# different number of molts



## wuwu (Aug 8, 2006)

are orchids the only species where females take 8 molts to reach adulthood, while males only take 6? it seems like in most species, it takes 7 for the males.


----------



## yen_saw (Aug 8, 2006)

John, i could be wrong but i have counted only 7 molt for the female and only 5 for male to reach adulthood. I will count the number of molt on the new generation again. Anyway, most praying mantis have go through 7 molts (female) and 6 molts (male), but B. Mendica needs like 8 molts to reach adulthood.


----------



## wuwu (Aug 8, 2006)

really??? ok, this changes everything. can anyone confirm?


----------



## yen_saw (Aug 8, 2006)

Just had a chnace to look at my data collection log, female actually have 8 molts, the 2nd and 3rd molt happened so soon (12 days!) that my memory failed me. Hopefully i can photograph all the molts this time.


----------



## wuwu (Aug 8, 2006)

what about the males? did you remember that info wrong also? all the sources i've read say they take 6 molts. if they only take 5 molts, that means my males are one molt away from adulthood, yikes!


----------



## jonpat83 (Aug 8, 2006)

I think Theopropus elegans may be the same as orchids, my little male has matured when he is less than half the size of the females who have 3 moults to go!


----------



## yen_saw (Aug 8, 2006)

John, the male go through 6 molts. But it took a shorter time for male subadult to turn into adult compares to the female. All 5 of my female orchid mantis took 20 - 24 days before turning into adult.


----------



## Johnald Chaffinch (Aug 24, 2006)

my male orchid's just turned adult today and my female has just turned sub-adult today. i'm just wondering how long do male orchids live as an adult? am i likely to be able to mate them?


----------



## wuwu (Aug 24, 2006)

i believe they live around 2 months.


----------



## yen_saw (Aug 25, 2006)

You still have time, your adult male will be probably 1.5-2 month old before you could pair him up with the female as you need to wait for a good 3-4 weeks for the female to get ready.
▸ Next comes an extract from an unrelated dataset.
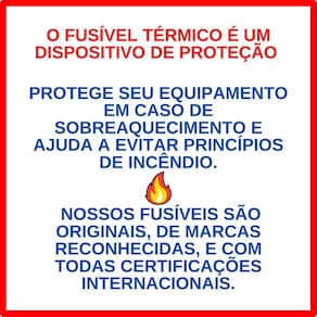 Lote com 10 unidades de fusível térmico para motor ventilador 130ºc 2a 250v Trabalha em qualquer tensão entre 0 e 250v 12v/110v/127v/220v Fusível de ótima qualidade da marca aupo modelo a4-f 2a Para motor de ventilador e demais tipos de motores elétricos. É utilizado para proteger a bobina do motor de superaquecimento. Verifique a temperatura do fusível do seu aparelho. Para economizar no adicione mais unidades no mesmo pedido ou acrescente ao carrinho mais produtos da nossa loja. Perguntas frequentes: Posso substituir o fusível queimado por um de temperatura muito mais alta Não, o fusível térmico protege seu equipamento de superaquecimento, se for substituído por uma temperatura muito maior seu dispositivo corre o risco de não suportar o aquecimento em caso de defeito. Posso substituir por uma temperatura próxima Sim, desde que não seja uma temperatura muito mais baixa ou muito mais alta pode ser substituído sem problemas, sempre dê preferência para substituir por um de temperatura um pouco superior. Marca: Não Informado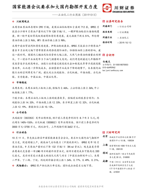 【川财证券】【20191013】石油化工行业周报:国家能源会议要求加大国内勘探开发力度-12页 行业研究

I have one male last year live for 4 months (never mated). This year, one of my male molted into adult on 19th April and he just died last week. He mated with 4 different female numerous time. I have heard that an old adult male orchid (over one month) is not good for breeding but i have no problem with it so far. Providing the correct food is more crucial IMO.


----------